TASK DIRECTIONS: An exact copy of the entries below is needed, with every picture left out.

───── INPUT MATERIAL

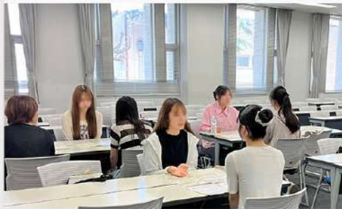
6月23日 (月) 6月 心理カウンセリング学科 オープンキャンパス
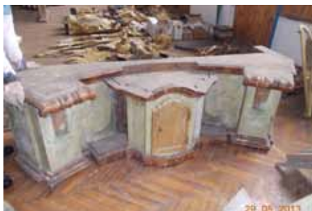
rozebraný oltář v depozitu

do tří samostatných etap. První etapa, ve které byla restaurována oltářní architektura nad hlavní římsou včetně hlavní římsy, sochařská a řezbářská výzdoba v části nad hlavní římsou včetně prvků nad oltářním obrazem a plastiky andělů z dolní části oltáře, byla zahájena v roce 2011. Na provedení této etapy přispělo Ministerstvo kultury ČR částkou 256.000 Kč, finanční podíl města činil 268.700 Kč. V roce 2012 byly ve II. etapě restaurování hlavního oltáře provedeny práce v prostoru mezi hlavní římsou a spodní římsou (mimo již zrestaurovaného oltářního obrazu). Ministerstvo kultury ČR přispělo 206.000 Kč, finanční podíl města činil 291.040 Kč. Restaurátorské práce hlavního oltáře byly dokončeny III. etapou realizovanou v roce 2013. Závěrečná etapa zahrnovala restaurování v prostoru pod spodní římsou,
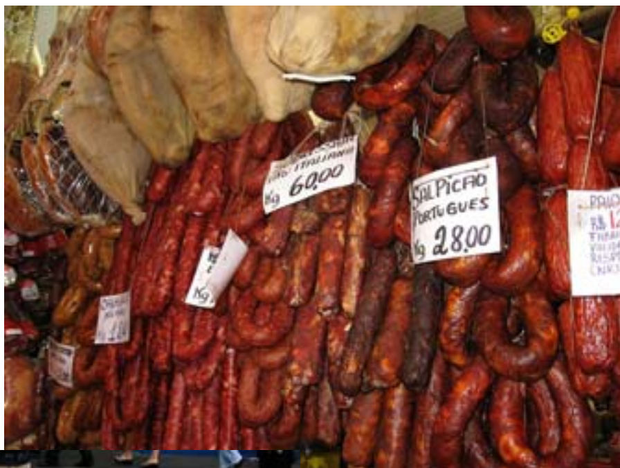
Droga brazylijska kielbasa.

Okazało się, że doba w hostelu zaczyna się od godziny 12.00, więc musiałem jeszcze dość długo koczować, by móc znaleźć się w pokoju na twardym drewnianym łóżku. Zostawiłem plecak, dokumenty i pieniądze na portierni i udałem się na zwiedzanie miasta. Od razu natknąłem się na nędzarzy, którzy koczują na ulicach, są bezdomni, brudni, bardzo biedni i bardzo głodni. W zasadzie wszyscy z nich to Murzyni. Leżą i śpią na

──────────

RESULT OF THE TASK:
6月23日 (月) 6月 心理カウンセリング学科 オープンキャンパス
rozebraný oltář v depozitu

do tří samostatných etap. První etapa, ve které byla restaurována oltářní architektura nad hlavní římsou včetně hlavní římsy, sochařská a řezbářská výzdoba v části nad hlavní římsou včetně prvků nad oltářním obrazem a plastiky andělů z dolní části oltáře, byla zahájena v roce 2011. Na provedení této etapy přispělo Ministerstvo kultury ČR částkou 256.000 Kč, finanční podíl města činil 268.700 Kč. V roce 2012 byly ve II. etapě restaurování hlavního oltáře provedeny práce v prostoru mezi hlavní římsou a spodní římsou (mimo již zrestaurovaného oltářního obrazu). Ministerstvo kultury ČR přispělo 206.000 Kč, finanční podíl města činil 291.040 Kč. Restaurátorské práce hlavního oltáře byly dokončeny III. etapou realizovanou v roce 2013. Závěrečná etapa zahrnovala restaurování v prostoru pod spodní římsou,
Droga brazylijska kielbasa.

Okazało się, że doba w hostelu zaczyna się od godziny 12.00, więc musiałem jeszcze dość długo koczować, by móc znaleźć się w pokoju na twardym drewnianym łóżku. Zostawiłem plecak, dokumenty i pieniądze na portierni i udałem się na zwiedzanie miasta. Od razu natknąłem się na nędzarzy, którzy koczują na ulicach, są bezdomni, brudni, bardzo biedni i bardzo głodni. W zasadzie wszyscy z nich to Murzyni. Leżą i śpią na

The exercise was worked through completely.